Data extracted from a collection
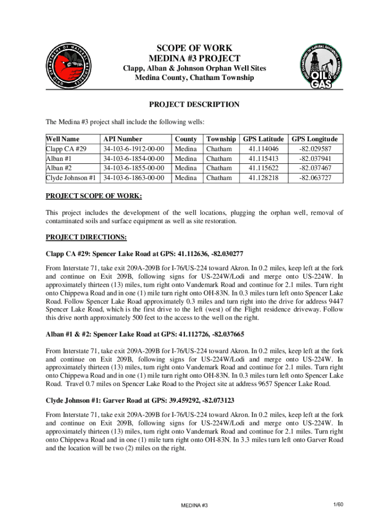 SCOPE OF WORK MEDINA #3 PROJECT Clamp, Alan & Johnson Orphan Well Sites Medina County, Chatham TownshipPROJECT DESCRIPTION The Medina #3 project shall include the following wells: Well Name Clamp
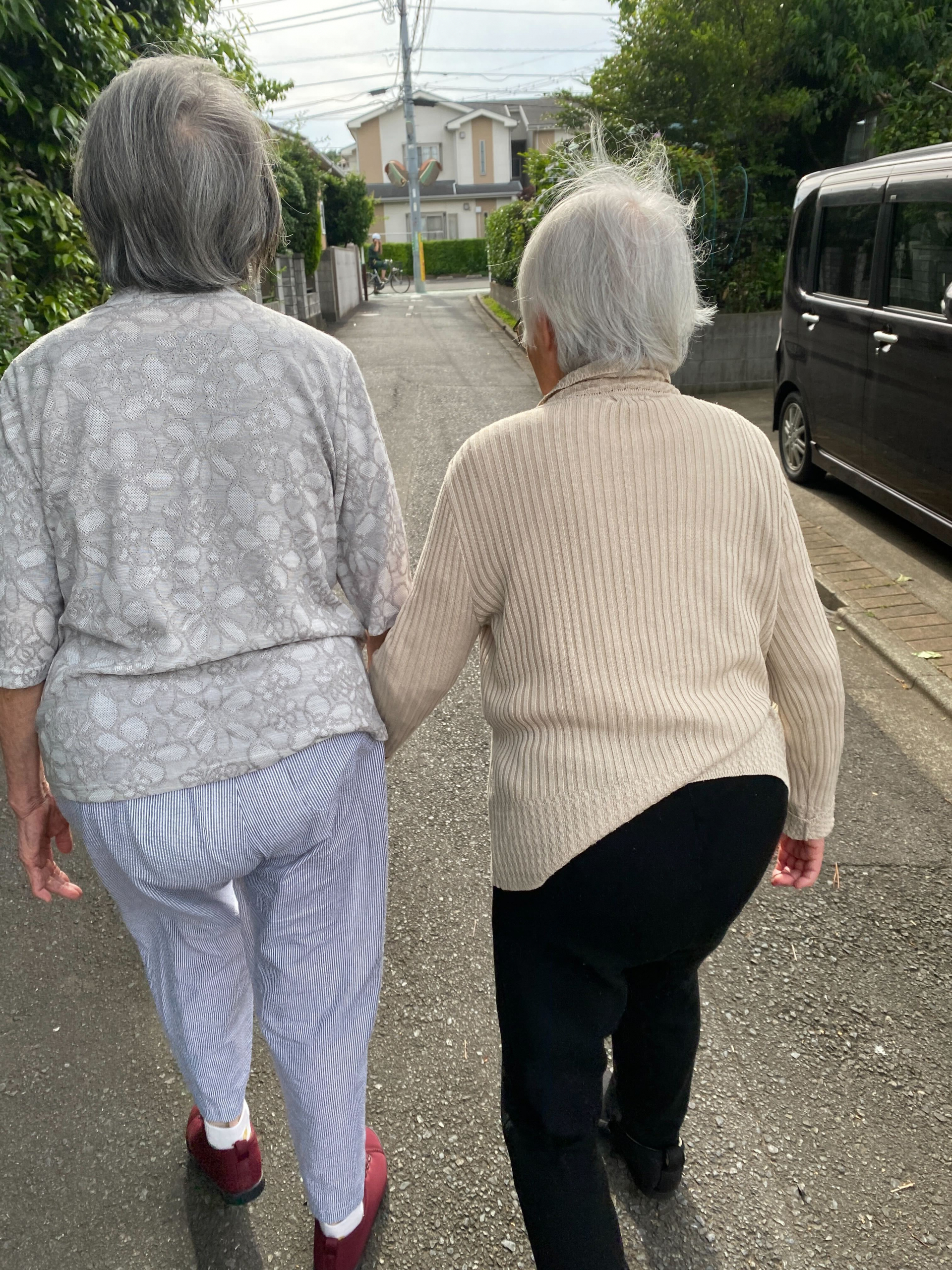 道に転ばないようにお互いに手を繋いでました。「気をつけてくださいね」と仲良くしてお互いに応援してました。
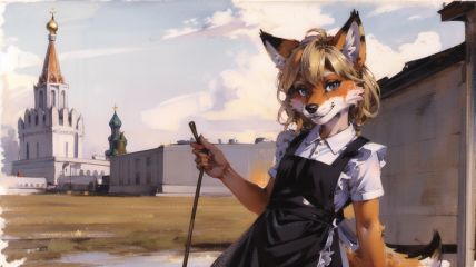 absurdres, highres, ultra detailed, masterpiece, sharp shading,traditional media, fox furry girl,kid,black dress,(white apron:1.2),sovietform,communism, windblonde,high detail fur,outdoors,sunlight, paws,moscow,sovietlooking at viewer,  <lora:sovietForm:0.5> <lora:add_detail:0.6>
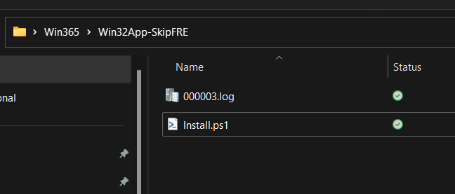 Wrap the install script and the 000003.log file as a .intunewin file:
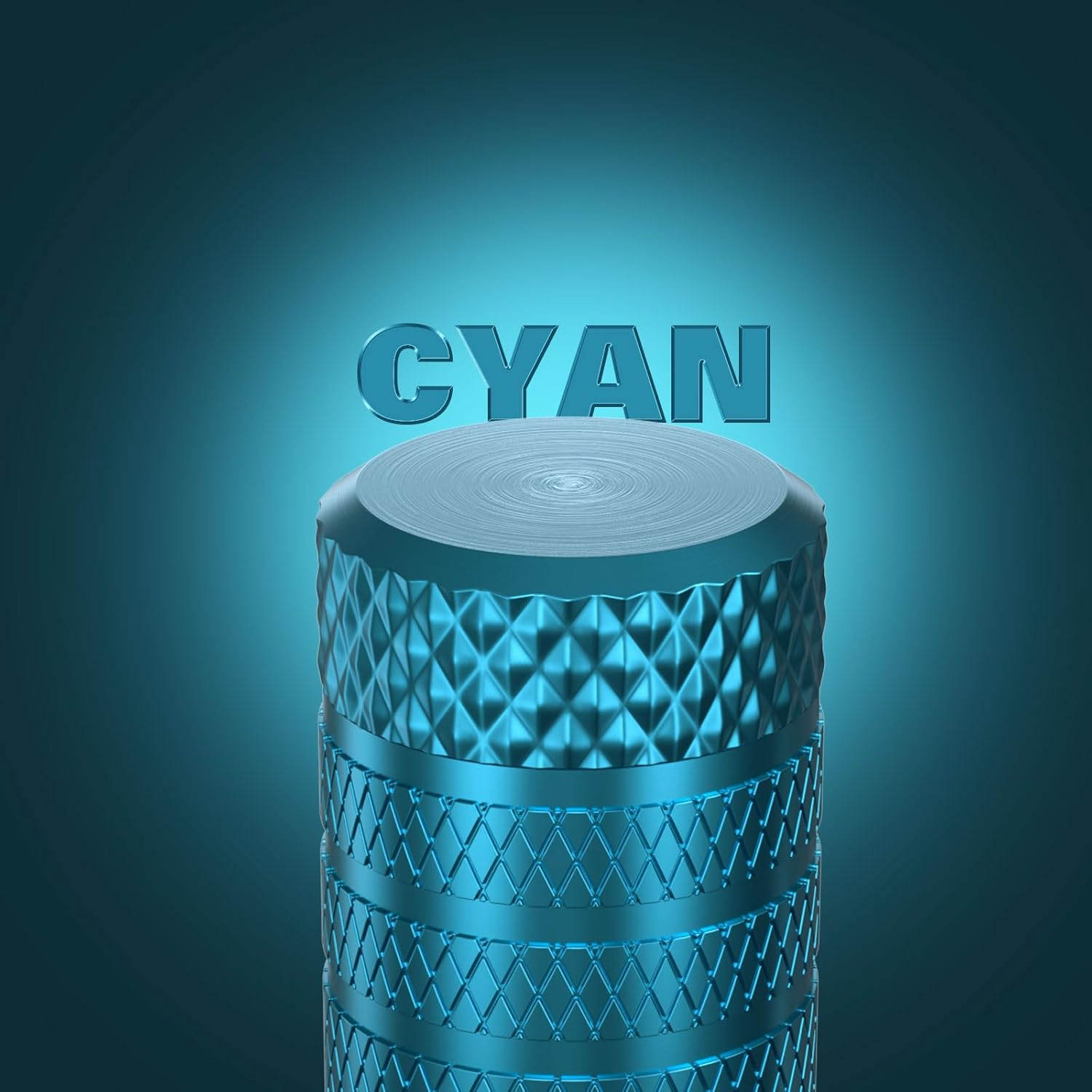 CKAuto Tire Valve Stem Caps, Cyan, 4 pcs/Pack, Anodized Aluminum Tire Valve Cap Set, Corrosion Resistant, Universal Stem Covers for Cars Trucks Motorcycles SUVs and Bikes

**Action item:** What is needed is a word-for-word copy of the lines from the start of the data to the line with "道に転ばないようにお互いに手", inclusive, with no pictures in it.

**Answer to this exercise:**
 SCOPE OF WORK MEDINA #3 PROJECT Clamp, Alan & Johnson Orphan Well Sites Medina County, Chatham TownshipPROJECT DESCRIPTION The Medina #3 project shall include the following wells: Well Name Clamp
 道に転ばないようにお互いに手を繋いでました。「気をつけてくださいね」と仲良くしてお互いに応援してました。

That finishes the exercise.